● THE INPUT:
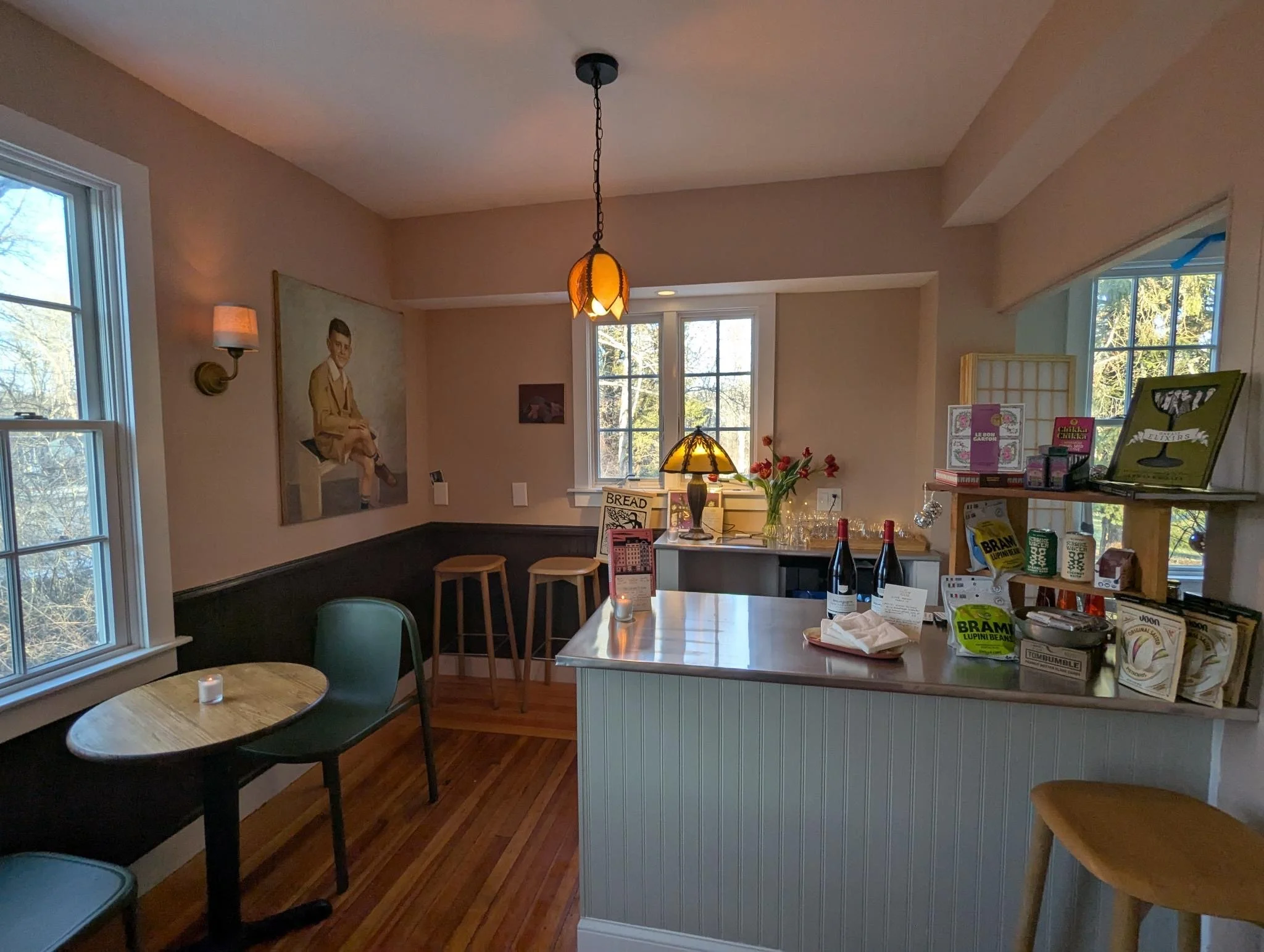 Big news! The Yellow House is excited to announce the opening of "Corner Bar," our new bar/cafe space located in the back room of our bookshop. We have a curated, thoughtful selection of wine, beer, and non-alcoholic beverages available for sale alongside delicious pre-packaged snacks!
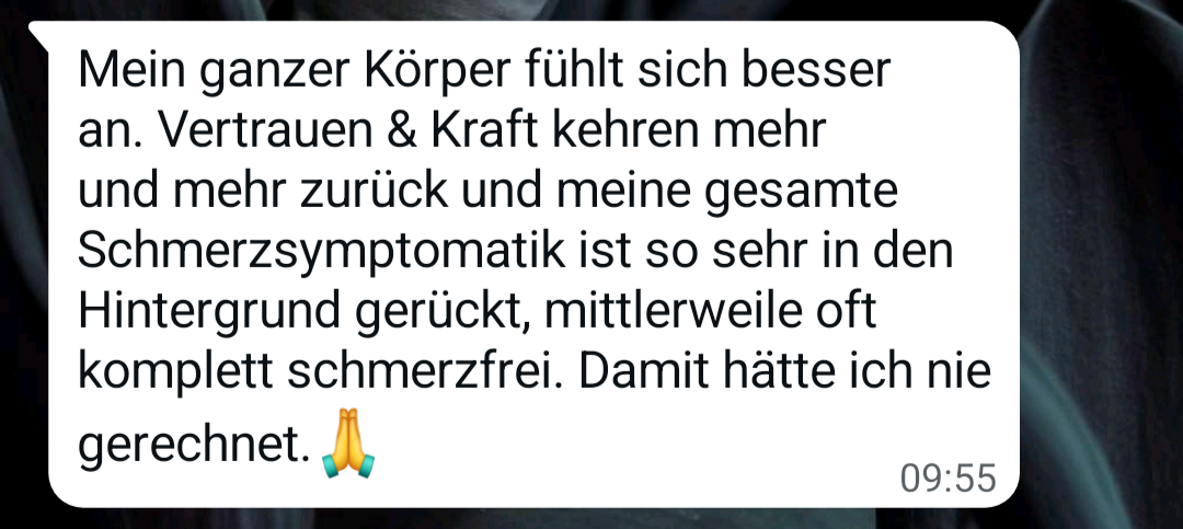 die nach ein paar klaren Impulsen zum ersten Mal seit Monaten schmerzfreie Tage haben.
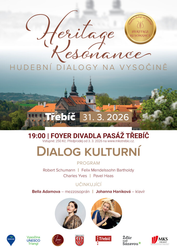 Historická památka UNESCO v Třebíči tvoří světový unikát nejen architektonickými skvosty, ale především poselstvím náboženské a kulturní tolerance. V první polovině koncertu představíme hudební dialog skladatele židovského původu Pavla Haase, rodáka z Brna, který patří do skupiny terezínských skladatelů, kteří byli kvůli svému židovskému původu odsunuti nejprve do koncentračního tábora v Terezíně. Pavel Haas byl následně deportován do Osvětimi, kde byl v roce 1944 zavražděn. Zazní rovněž písně amerického skladatele Charlese Yvese, které svou barevnou škálou zachycují příběhy indiánů, tehdejších cirkusů i parafrázi Dvořákovy slavné písně “Když mne stará matka”.
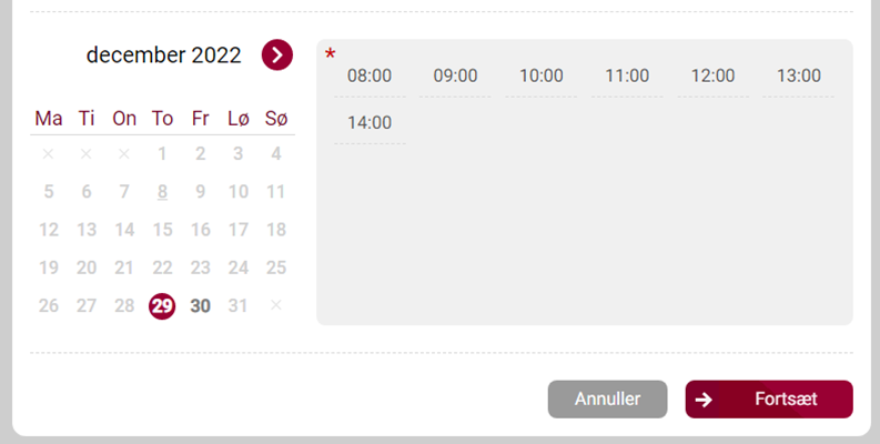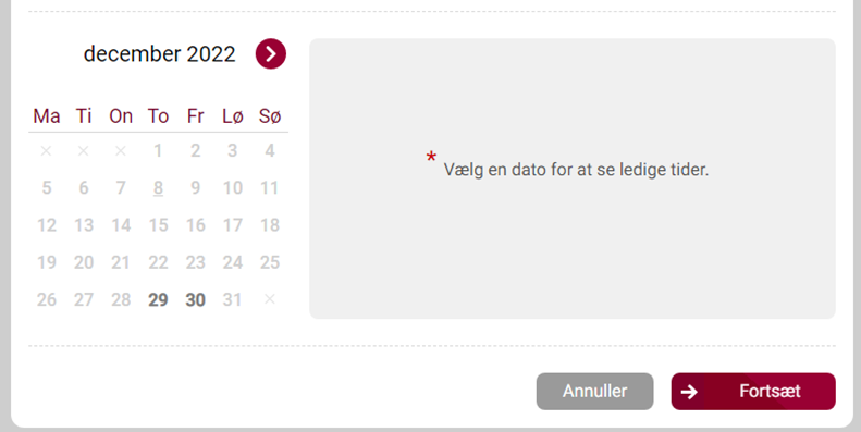 3. Vælg en dato ved at trykke på en ønsket dato (mulige datoer er markeret med fed skrift).
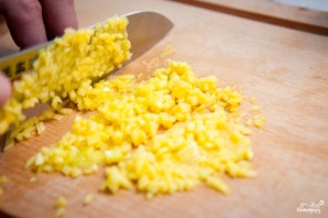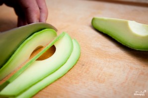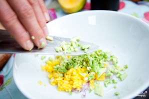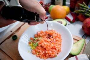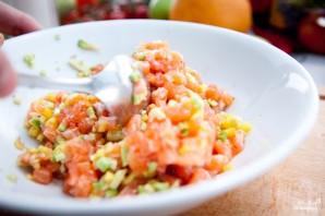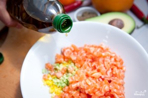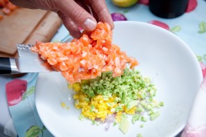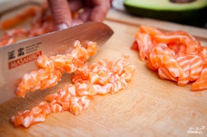 Лосось постарайтесь порезать такими же кубиками, как и манго с авокадо. Но не стоит превращать рыбу в кашицу, форма кубиков должна держаться.
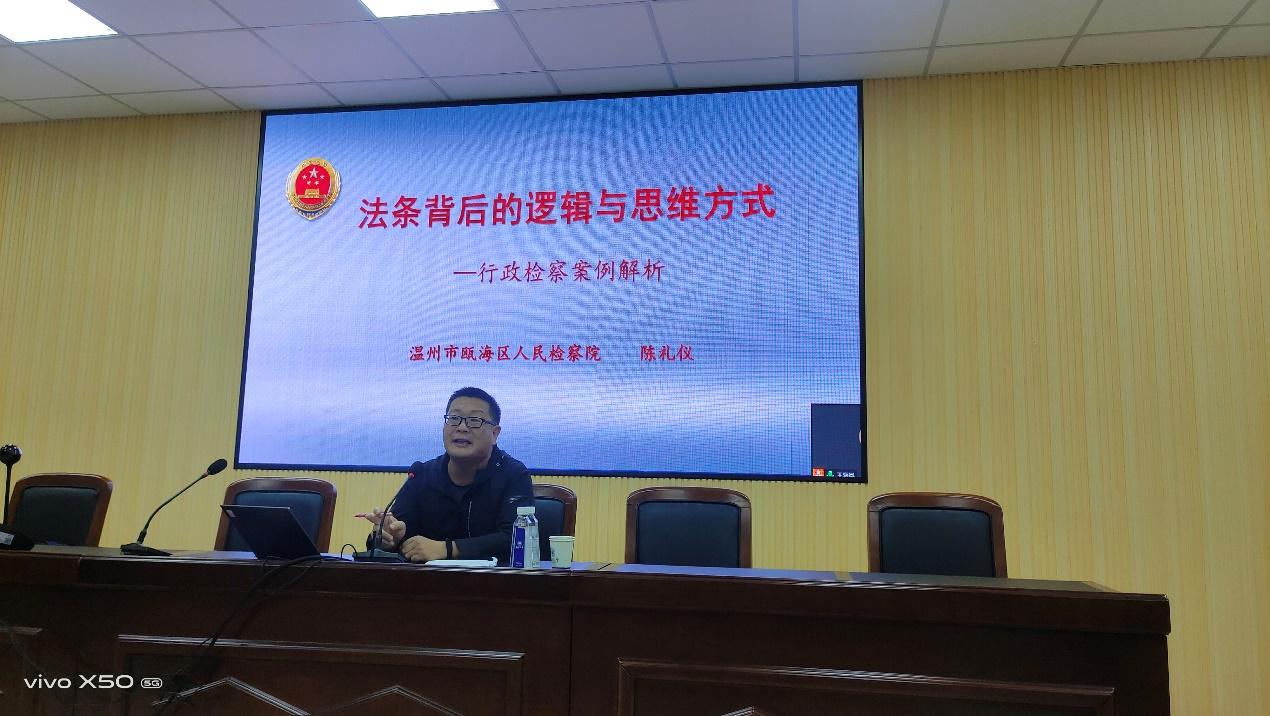 11月15日下午,温州市瓯海区人民检察院陈礼仪检察官应邀做客“罗山法律实务讲坛”,为yl永利集团官网登录师生带来主题为《法条背后的逻辑与思维方式——行政检察案例解释》的讲座。本次讲座采取线上线下相结合的方式,分别在yl永利集团官网登录301会议室和腾讯会议直播间进行。讲座由民商经济法系主任、法律实务课程——《法律案例研习(二)》的负责人李勇军副教授主持,yl永利集团官网登录2019级本科生160多人和部分研究生及教师以线上或线下的方式参加了本次讲座。

● PROBLEM DETAILS:
Return every entry above exactly as written, with no pictures included.

● TASK OUTPUT:
 Big news! The Yellow House is excited to announce the opening of "Corner Bar," our new bar/cafe space located in the back room of our bookshop. We have a curated, thoughtful selection of wine, beer, and non-alcoholic beverages available for sale alongside delicious pre-packaged snacks!
 die nach ein paar klaren Impulsen zum ersten Mal seit Monaten schmerzfreie Tage haben.
 Historická památka UNESCO v Třebíči tvoří světový unikát nejen architektonickými skvosty, ale především poselstvím náboženské a kulturní tolerance. V první polovině koncertu představíme hudební dialog skladatele židovského původu Pavla Haase, rodáka z Brna, který patří do skupiny terezínských skladatelů, kteří byli kvůli svému židovskému původu odsunuti nejprve do koncentračního tábora v Terezíně. Pavel Haas byl následně deportován do Osvětimi, kde byl v roce 1944 zavražděn. Zazní rovněž písně amerického skladatele Charlese Yvese, které svou barevnou škálou zachycují příběhy indiánů, tehdejších cirkusů i parafrázi Dvořákovy slavné písně “Když mne stará matka”.
 3. Vælg en dato ved at trykke på en ønsket dato (mulige datoer er markeret med fed skrift).
 Лосось постарайтесь порезать такими же кубиками, как и манго с авокадо. Но не стоит превращать рыбу в кашицу, форма кубиков должна держаться.
 11月15日下午,温州市瓯海区人民检察院陈礼仪检察官应邀做客“罗山法律实务讲坛”,为yl永利集团官网登录师生带来主题为《法条背后的逻辑与思维方式——行政检察案例解释》的讲座。本次讲座采取线上线下相结合的方式,分别在yl永利集团官网登录301会议室和腾讯会议直播间进行。讲座由民商经济法系主任、法律实务课程——《法律案例研习(二)》的负责人李勇军副教授主持,yl永利集团官网登录2019级本科生160多人和部分研究生及教师以线上或线下的方式参加了本次讲座。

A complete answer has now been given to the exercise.